Thursday, 7 January 2010

the Sagrada

We went to Barcelona in Catalonia on our recent holidays at Christmas. Naturally we visited the Sagrada.

sagradaFrontFirstly let me say that no pictures can do justice to this structure.

It is simply the most intense combination of architecture and sculpture that I have ever seen.

Wikipedia has a brief history of the project (as it is still incomplete).

looking carefully at the oldest section of the Sagrada you can see that its not simply decorated with ornaments and statues but it is like an entire organic composite of artworks.

As it happens with a lot of sculpture the sculptor has decided that it needs to be looked at from directly below, rather than from across the street in this example.

Moving in closer totally changes the perspective on the art.
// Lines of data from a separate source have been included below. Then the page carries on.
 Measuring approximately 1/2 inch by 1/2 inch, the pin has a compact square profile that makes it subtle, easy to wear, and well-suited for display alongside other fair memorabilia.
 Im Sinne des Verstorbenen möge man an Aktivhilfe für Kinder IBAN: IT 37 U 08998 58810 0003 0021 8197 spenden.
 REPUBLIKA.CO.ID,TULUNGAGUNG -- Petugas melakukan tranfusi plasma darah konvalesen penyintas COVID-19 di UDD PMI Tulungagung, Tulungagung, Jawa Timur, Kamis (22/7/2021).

So standing up there on the top of the stairs gives this perspective, with the statues looking more natural.


Things aren't only restricted to the iconography of christianity, with many things being represented, such as this hge snail element, one of a repeating sequence (all different).

Around the front, the sculpture is quite different (well it is some century later)
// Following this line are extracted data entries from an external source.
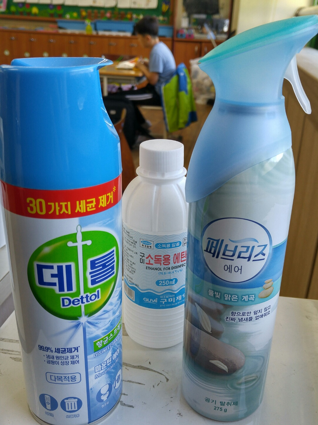 교실에 비치되어 있던 데톨 향균 스프레이와 페브리즈 에어를 치웠다. 30가지 세균을 99.9% 제거한다는 화학 물질을 쓰레기통 바닥, 사물함 뒤, 창틀에 뿌리고 닦았다. 책걸상에 사용하지 않아 천만다행이었다. 미세먼지가 심하여 창문을 못 여는 날이면 '진짜 냄새를 없애준다'는 공기탈취제를 분사했다. 죄책감이 들었다. 청결을 유지한다는 명목으로 제자들에게 못씁짓을 하였다. 생활용품이 살인도구가 되는 현실 속에서 나는 아이들에게 사과할 일이 있었다.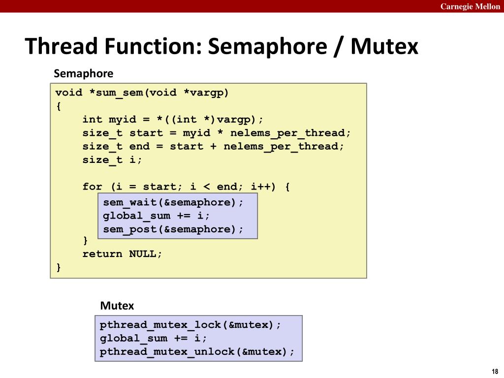 Thread Function: Semaphore / Mutex Semaphore void *sum_sem(void *vargp) { intmyid = *((int *)vargp); size_t start = myid * nelems_per_thread; size_t end = start + nelems_per_thread; size_ti; for (i = start; i < end; i++) { sem_wait(&semaphore); global_sum += i; sem_post(&semaphore); } return NULL; } sem_wait(&semaphore); global_sum += i; sem_post(&semaphore); Mutex pthread_mutex_lock(&mutex); global_sum += i; pthread_mutex_unlock(&mutex);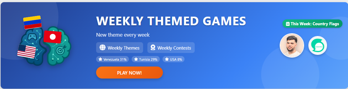 - The Country Flags theme was chosen because the game has a lot of users from Venezuela and Tunisia, so I wanted to celebrate those countries. This week, we’re featuring flags from the most popular countries among players!
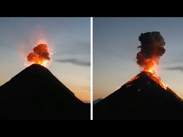 Volcan del Fuego Guatemala rekor etkileyici patlama içinde Yürüyüşçüler.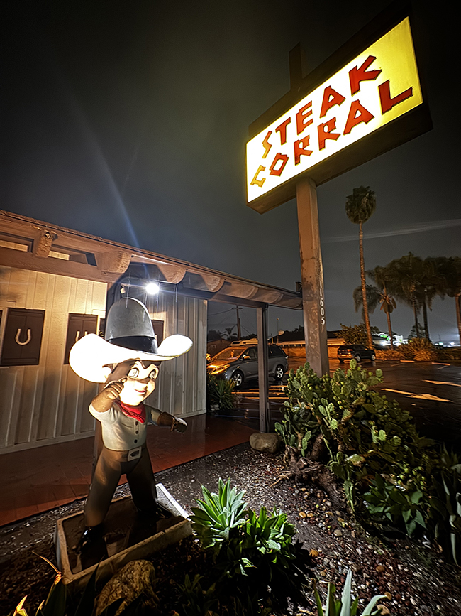 For years I’d been telling my kids about this mythical restaurant from my youth, and had long assumed the small chain was long gone. That was until I recently came across a social media post that seemed to have been placed there via time machine, with grinning folks standing aside a life-sized statue of the restaurant’s mascot “The Corral Kid” (think Bob’s Big Boy with a 10-gallon cowboy hat instead of a giant pompadour) in the here and now. I immediately clicked and was delighted to learn the last remaining Steak Corral, in Whittier, circa 1965, was still around.

with a more modern look to it.


Getting into the Sagrada was a bit confronting, with the queue going around the block. However before abandoning this I asked someone at the head of the line how long it had been and it was only an hour. Fukit I thought ... its only an hour ... I spent as much getting OUT of Italy.


Getting in was so well worth it. The interior is simply stunning.

The central support columns are enormous and branch in a quite interesting manner. Looking at this image you can just see some people there on the yellow fence in the left hand side at the bottom for some scale. Looking up from that fence the ceiling is quite magnificent, with one portion nearly completed to give an idea of what the interior will be like.


Zooming in for more detail again you can see the glitter in the ceiling is from golden tiles.


there are fantastic repeating (almost fractal like) elements of the crucifix symbol and what can only be described as a spine.

Its hard to envisage the completed interior, but this image of one section near the entry (the one pictured above) shows a hint of the colours in the ceiling above and the stained glass.

Not all of the windows are fitted yet with the stained glasses (well, it is still a construction site). You can see some of the elements such as the spiral stair cases and balconies.

One very important note: don't stop at the chruch (construction site) interior, once you have looked enough there, there is a museum down below. This is well worth a visit and explains the architecture and how he designed the load bearing members (as well as heaps of stuff about the art). These include some great models to help you get the bigger picture until it is completed.



if you're in Barcelona, its a must see in my view.